Su proposta del ministro per la Protezione civile e le Politiche del mare Nello Musumeci, il governo ha deliberato lo stato di emergenza su tutto il territorio nazionale a seguito dell’eccezionale incremento dei flussi di persone migranti attraverso le rotte del Mediterraneo. Lo stato di emergenza, sostenuto da un primo finanziamento di cinque milioni di euro, avrà la durata di sei mesi.

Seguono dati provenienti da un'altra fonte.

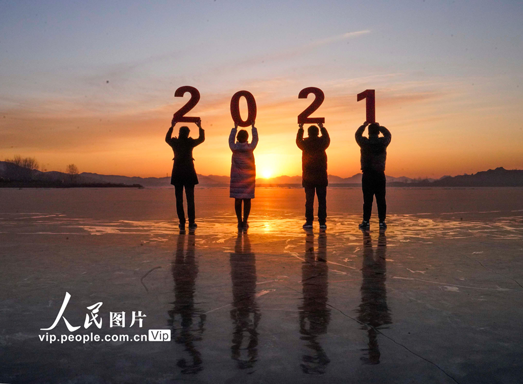 2021年1月1日清晨,河北遵化市民紛紛走出家門來到侯家寨結冰的般若湖上,迎接新一年的第一縷曙光。劉滿倉攝(人民圖片網)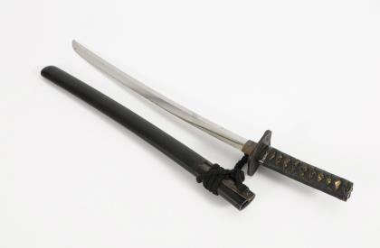 Einschneidige, leicht gebogene Klinge mit Spitze in der Rückenlinie. Habaki aus Kupfer, quadratische Tsuba mit Vogel auf minimiertem Pflanzenstengel. Fuchi mit kleinen, reliefierten Reihern, wie auch auf der kashira (Knauf). Griff mit Rochenhauteinlage und menukis. Holzscheide mit kogatana, schön austariertes Messer mit reliefiertem Griff (Menschen in einem Boot)

All’ordine del giorno della riunione anche un disegno di legge sulle sanzioni contro gli atti di eco-vandalismo sulle opere d’arte, un disegno di legge con interventi a sostegno della competitività dei capitali. Multe da 20 a 60mila euro, più le sanzioni penali, per quanti distruggano, disperdano, deteriorino o rendano “in tutto o in parte inservibili o non fruibili beni culturali” ed altre sanzioni amministrative, che vanno da 10 a 40mila euro per chi “deturpa o imbratta” questi beni o destina “ad un uso pregiudizievole per la loro conservazione” o “incompatibile con il loro carattere storico o artistico”.
Ore decisive anche per le nomine delle grandi partecipate.